There is much discussion about particular criteria for the diagnosis of ME, CFS, PVFS, CFS/ME or ME/CFS – just listing these acronyms makes the head spin. But, in the absence of hard data from real patients, much of the speculation generates more heat than light, and produces more angst than understanding. That’s why the results of a recent investigation on patients from the Maes Clinic in Belgium are so valuable.

The investigators raised the question of whether clinical differences could be observed between CFS patients with post-exertional symptoms and those without such symptoms. Using statistical models, they found that a combination of fatigue, a subjective feeling of infection, and post-exertional malaise defined groups of patients in which distinct differences in clinical symptoms (and inflammatory biomarkers) could be found. Their conclusion was that whilst the traditional (Fukuda) definition of CFS can adequately distinguish between CFS and uncomplicated ‘chronic fatigue’, patients fulfilling the Fukuda definition should be subdivided into those with post-exertional malaise and those without.

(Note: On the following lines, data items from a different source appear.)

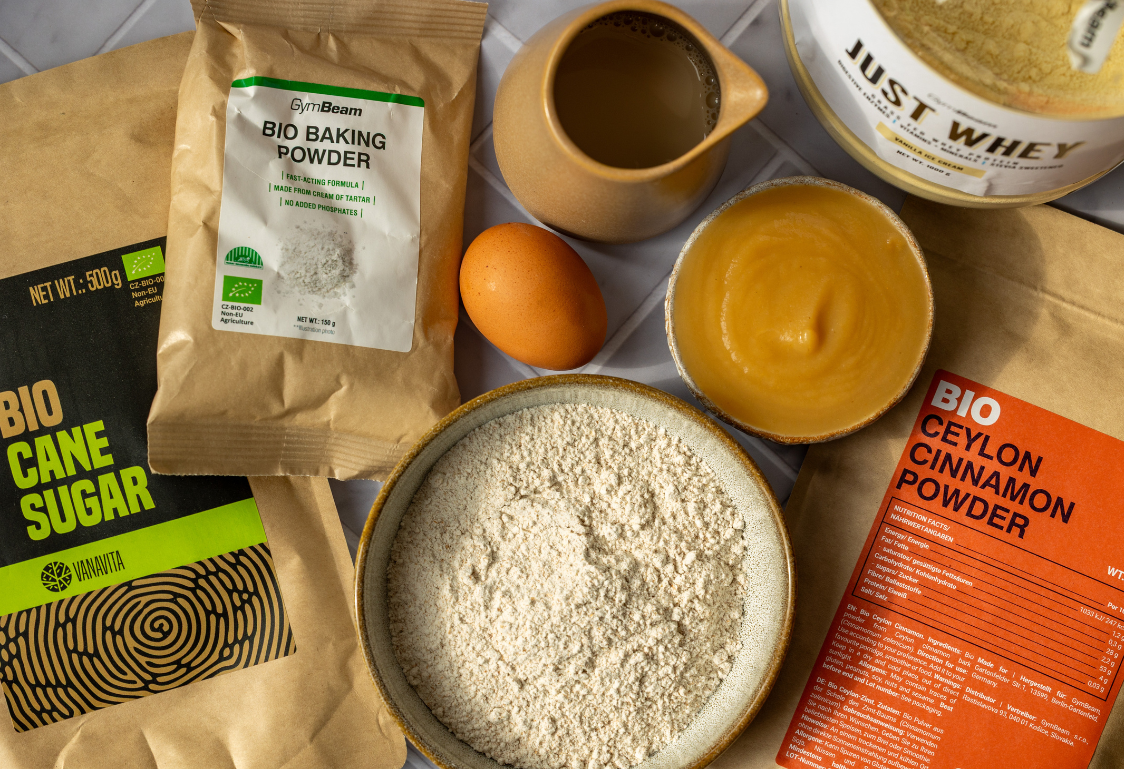 Začneme prípravou cesta. Múku premiešame s cukrom, proteínom, kypriacim práškom, zázvorom, škoricou a klinčekmi. Potom pridáme jablkové pyré, vajcia, mlieko, olej a vymiešame hladké cesto. Tým naplníme silikónové donutové formičky.
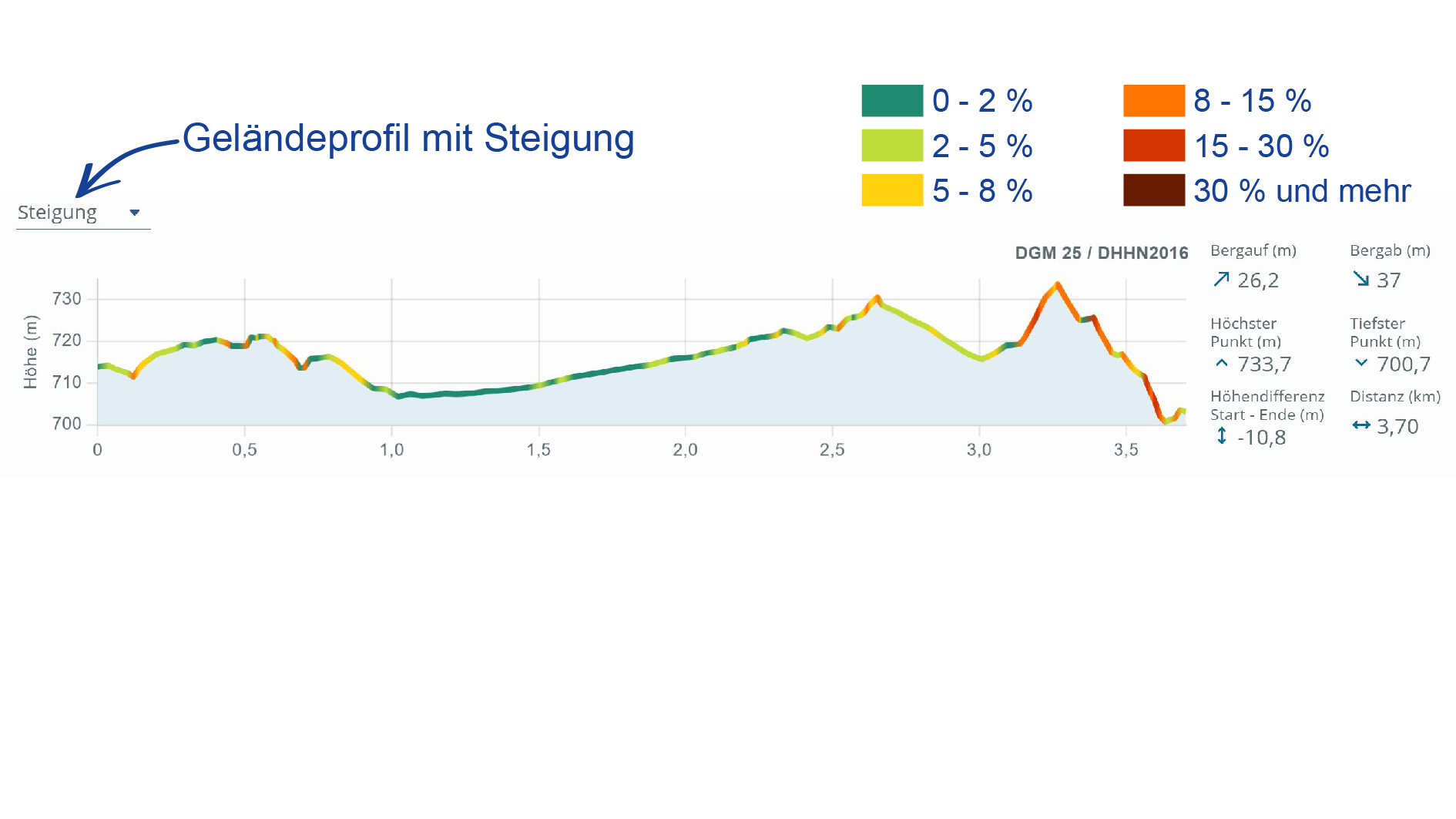 Sobald ein Element gezeichnet wurde, werden unten im Bearbeitungsfenster die Button Zeichnung löschen, Daten Teilen und Export eingeblendet. Wurde eine Linie oder ein Polygon gezeichnet steht zusätzlich der Button Geländeprofil (Profil siehe Bild unten) zur Verfügung. Im Geländeprofil wird die Höhe in Metern oder die Steigung in % dargestellt.
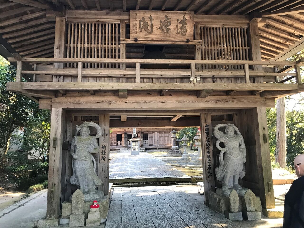 月輪寺(がちりんじ)到着。山門で住職に迎えていただきました。
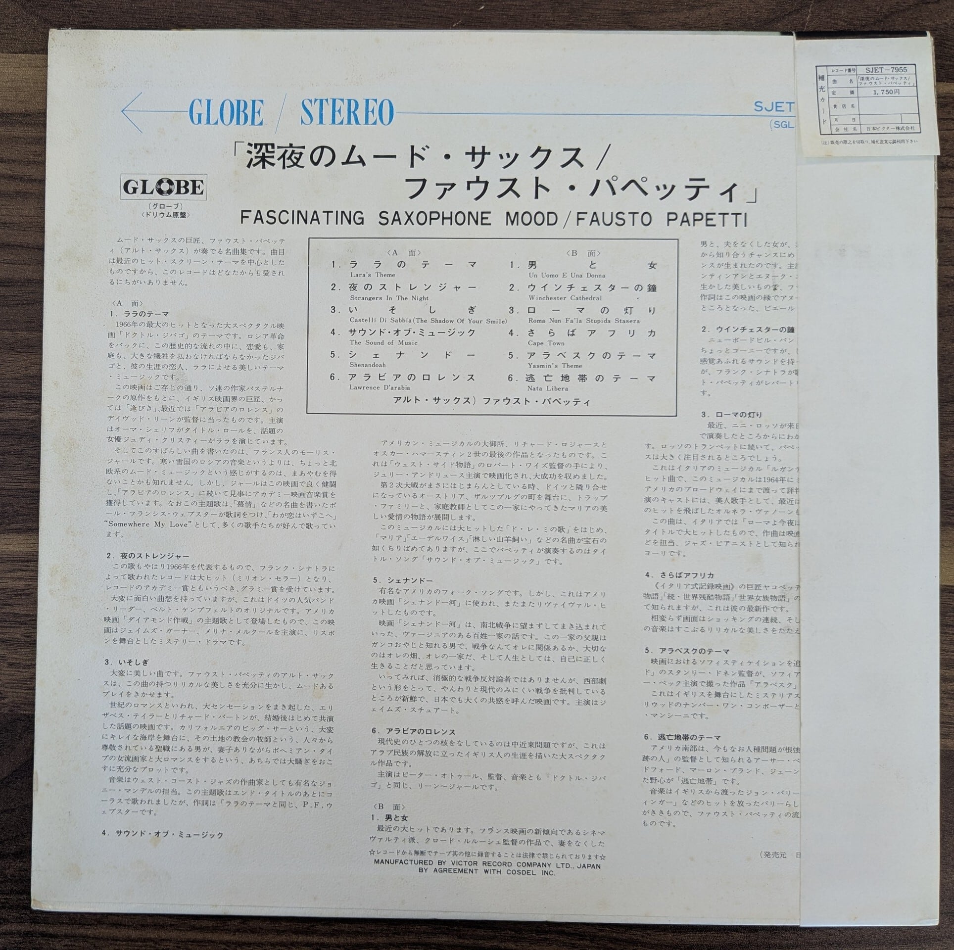 ファウスト・パペッティ「深夜のムード・サックス」:LPレコード
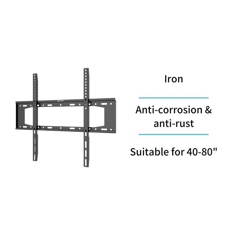 | Especificaciones del Soporte Fijo para TV Función del producto: Soporte fijo para colgar la televisión Material principal: hierro Protección: Anti corrosión, Anti oxidante Carga máxima: Hasta 65Kg Talla (Aplicabilidad): 40-80 pulgadas |
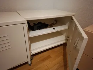 Mueble de almacenamiento IKEA en color blanco, ideal para organizar cualquier espacio. - Diseño modular con compartimentos. - Incluye puertas y cajones para guardar objetos. - Tiradores con forma de estrella. A uno de ellos le falta la pieza metálica.
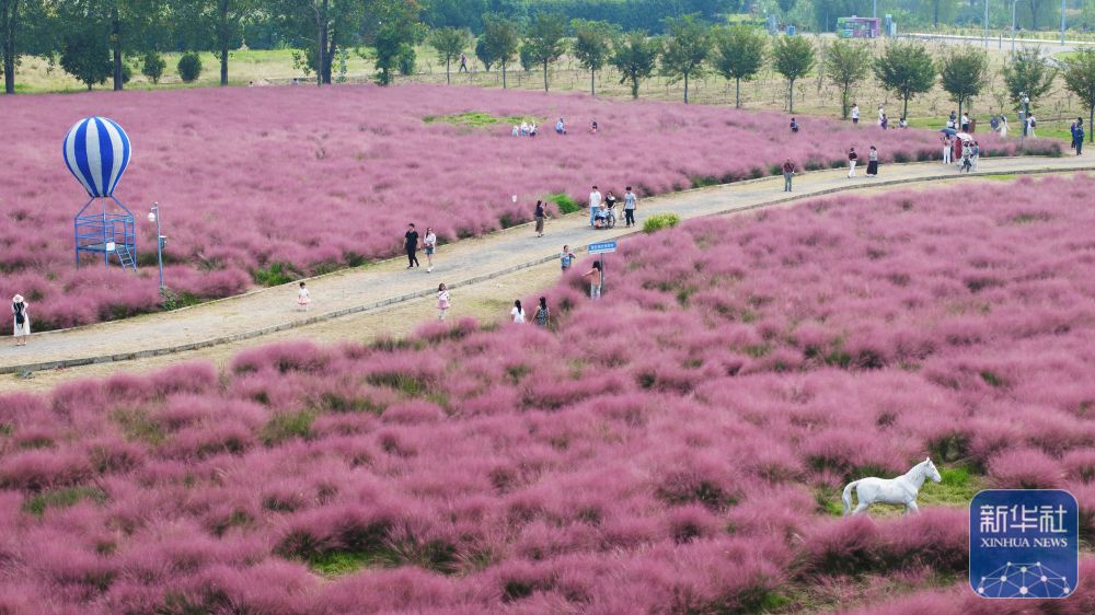 ↑ 10月5日,人們?cè)谀暇┌素灾弈吧匣ǘ捎瓮妫o(wú)人機(jī)照片)。新華社發(fā)(蘇陽(yáng)攝)
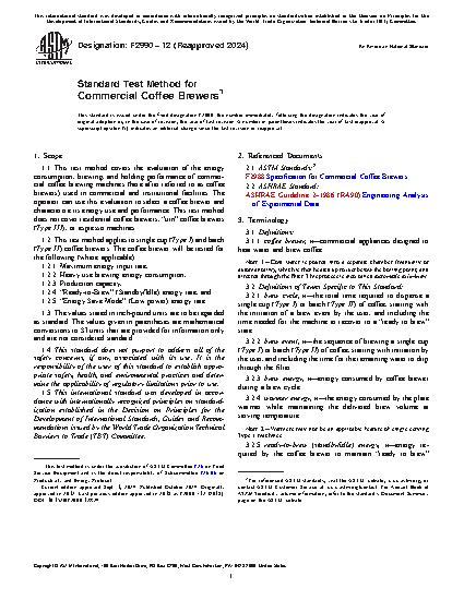 1.1 This test method covers the evaluation of the energy consumption, brewing, and holding performance of commercial coffee brewing machines (here after referred to as coffee brewers) used in commercial and institutional facilities. The operator can use this evaluation to select a coffee brewer and characterize its energy use and performance. This test method does not cover residential coffee brewers, “urn” coffee brewers (Type III), or espresso machines.
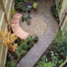 За да се отклони вниманието от удължената, стеснена форма на такъв участък, е необходимо да се постави върху него не права дрошка, а да им се придаде къдрав вид, като се оформят с перголи или арки от пластмаса. Ако на такава площадка има градина, тогава част от нейната площ може да бъде запълнена с високи дървета. Това ще създаде образ за продължаване на територията. Когато планирате легла със зеленчуци, можете да ги подредите в кръг или змия вместо по обичайната схема. Заоблените, дъговидни или овални компоненти на такъв ландшафтен дизайн на тясна, удължена територия несъмнено ще насочат вниманието на наблюдателя към себе си..
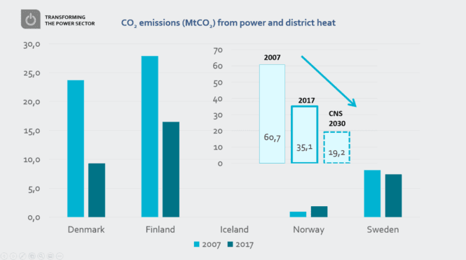 Selv om det er noen mørke skyer i horisonten, er det også lysglimt å se opp mot. I motsetning til de fire nevnte sektorene fortsetter kraft- og varmesektoren å gi betydelige utslippsreduksjoner. På bare ti år, fra 2007 til 2017, falt utslippene her fra 60,7 millioner tonn CO₂ til 35,1 millioner tonn CO₂. Og utviklingen akselererer, fra 2016 til 2018 gikk de ned med mer enn 9 prosent, i tråd med det mellomliggende 2030-målet og en indikasjon på at Norden er på vei til en fullstendig karbonnøytral elektrisitets- og varmesektor innen 2050. Drevet frem av redusert fossilt brenselsbruk (som nedleggelsen av Sveriges siste kullkraftverk to år tidligere enn planlagt) og økt produksjon av og investering i fornybar energi.

Interestingly, the UK’s NICE Clinical Guideline of 2007 insists that post-exertional symptoms should be present for a diagnosis of ‘CFS/ME’ to be made, so the importance of post-exercise symptoms is already recognised formally. The challenge remains to get GPs and healthcare professionals to apply the criteria in practice when diagnosing patients in the clinic.

Reference: Myalgic Encephalomyelitis (ME), Chronic Fatigue Syndrome (CFS), and Chronic Fatigue (CF) are distinguished accurately: results of supervised learning techniques applied on clinical and inflammatory data. Maes M et al. Psychiatry Res 2012 Dec 30; 200(2-3): 754-60.